Ki Tavo Dvar 2011/5771
Rabbi Neil A. Tow©
To do our best is a goal. It’s a hope, a striving, a desire to fulfill our potential.
When we have a ‘best’ moment it inspires us and gives us strength. It is an ideal moment of sharing when we give something to the world that is nourishing, energizing, and that motivates others to stretch themselves and achieve greater heights.
When we give our best effort, even when that best effort does not reach the level we hoped, it is important for us to recognize the people who helped us, who taught us, who trained us, who devoted their spirit to us so that we could succeed.
The same idea infuses the ritual of bikkurim/first fruits that the Torah describes in the opening verses of parshat Ki Tavo.
When the Israelites enter into the Land, they will bring their first fruits to the Temple, and present them there to the kohen/the priest. Then they will recite the familiar story of our national origins that we read in the Haggadah at our Passover Seders, “My ancestor was a wandering Aramean…We went down to Egypt…God freed us with a mighty hand…brought us to a land flowing with milk and honey, and so now I bring the first fruits of the soil which You, O God, have given me.”
That “You, God, have given me?” Didn’t my family and I plant and tend the soil?

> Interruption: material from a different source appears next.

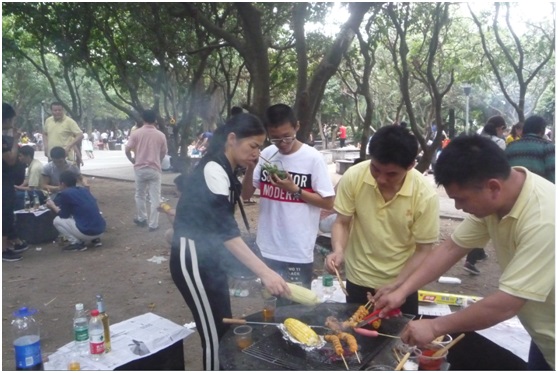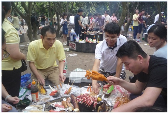 來吧,精致的小饅頭,顆粒飽滿的大玉米,紅紅的火腿,嫩嫩的大雞翅,大雞腿,長長的茄子,長長的廋肉串,多么豐富的美味佳肴。
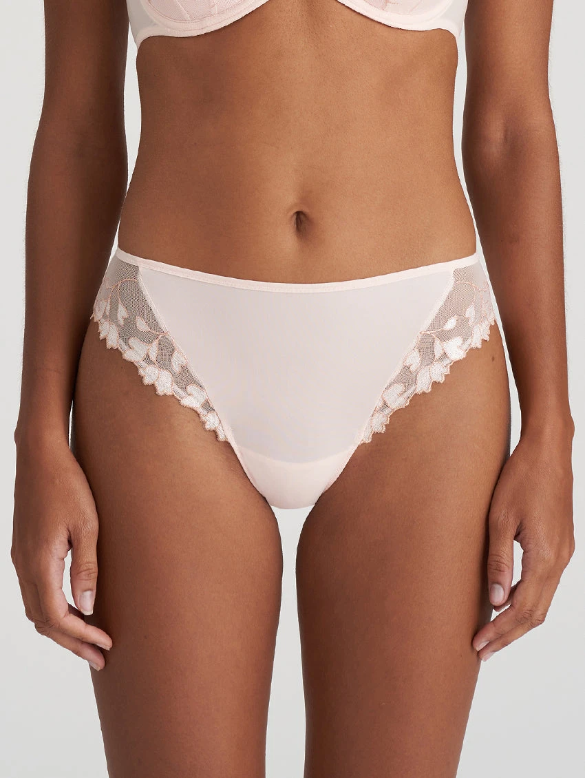 The Leda Rio Briefs are the classic Rio brief cut from Marie Jo with a new twist. These feature elegant floral embroidery at the hips and comfy seamless fabric at the back. Pairs perfectly with the matching Leda Padded Plunge Bra.

Didn’t we work the land, survive through the change of seasons and harvest the crop by bending our own backs, scratching up our hands, and flexing our muscles?
A commentary called ‘Akedah’ looks closely at the commandment to bring the first fruits and notices that the verse reads, “You will take from the first fruits of the earth that you will bring me’artze’cha/from your land.”
And he makes the following observation: The reason for the commandment of bikurim/first fruits is to remove from our thinking that ‘artzecha’ means the land belongs to us. He argues that we might get stuck on this point and not notice that the same verse ends with, ‘…that Ado-nai, Your God, gives to you…” By bringing the first fruits, we demonstrate that we know the land and its produce are not ours and that the blessings that come from them are infused with the Presence of God who brought us here from Egypt and gave us the opportunity to farm this land.
The same is true as we reflect on all that our coaches, teachers, and mentors have given us to enable us to do our best. Lest we ever begin to think that we are only a product of our own skill, our own initiative, our own inventiveness. How can we recognize all those people who influenced us and guided us to the moment when we are sharing our best with the world? Can we even remember who they all are? It is likely that many of these influences were not even intentional. They happened through chance encounters, things we heard or read from people we do not know personally and may never meet.
If we can raise the consciousness that we are a patchwork stitched from the influence and inspiration of others, then we will keep our humility and sense of self—and in all that we do, we will always be doing our best.